Directions
Copy out exactly the stretch of the listing below that begins at the line containing "利賀駐在所の巡査長さんを招い" and ends at the line containing "وقالت المفوضية في", and copy nothing outside it.

Information

════════════════════

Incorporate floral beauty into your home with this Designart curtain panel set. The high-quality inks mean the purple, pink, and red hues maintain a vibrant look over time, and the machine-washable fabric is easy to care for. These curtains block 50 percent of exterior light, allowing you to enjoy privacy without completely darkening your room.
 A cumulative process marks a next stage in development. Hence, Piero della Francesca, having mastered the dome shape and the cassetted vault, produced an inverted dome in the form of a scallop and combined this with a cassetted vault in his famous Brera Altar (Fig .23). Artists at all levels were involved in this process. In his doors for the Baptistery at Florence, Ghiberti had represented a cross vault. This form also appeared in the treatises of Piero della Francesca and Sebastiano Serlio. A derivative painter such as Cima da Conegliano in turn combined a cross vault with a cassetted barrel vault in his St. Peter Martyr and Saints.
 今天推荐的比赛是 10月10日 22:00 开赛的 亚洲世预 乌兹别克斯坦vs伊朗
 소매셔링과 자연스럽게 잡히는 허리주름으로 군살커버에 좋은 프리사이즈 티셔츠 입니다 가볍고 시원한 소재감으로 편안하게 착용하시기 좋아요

════════════════════

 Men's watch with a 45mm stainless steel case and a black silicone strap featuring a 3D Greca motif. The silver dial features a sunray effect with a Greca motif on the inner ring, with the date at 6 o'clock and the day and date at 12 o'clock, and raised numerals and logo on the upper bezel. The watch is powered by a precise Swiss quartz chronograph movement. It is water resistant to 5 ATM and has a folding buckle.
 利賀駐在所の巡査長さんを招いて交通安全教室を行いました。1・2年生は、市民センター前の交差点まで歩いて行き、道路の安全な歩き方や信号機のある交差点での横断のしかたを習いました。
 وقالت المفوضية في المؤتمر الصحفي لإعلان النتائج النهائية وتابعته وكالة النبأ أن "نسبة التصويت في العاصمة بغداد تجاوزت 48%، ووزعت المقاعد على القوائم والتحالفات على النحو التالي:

════════════════════

Task response
 利賀駐在所の巡査長さんを招いて交通安全教室を行いました。1・2年生は、市民センター前の交差点まで歩いて行き、道路の安全な歩き方や信号機のある交差点での横断のしかたを習いました。
 وقالت المفوضية في المؤتمر الصحفي لإعلان النتائج النهائية وتابعته وكالة النبأ أن "نسبة التصويت في العاصمة بغداد تجاوزت 48%، ووزعت المقاعد على القوائم والتحالفات على النحو التالي:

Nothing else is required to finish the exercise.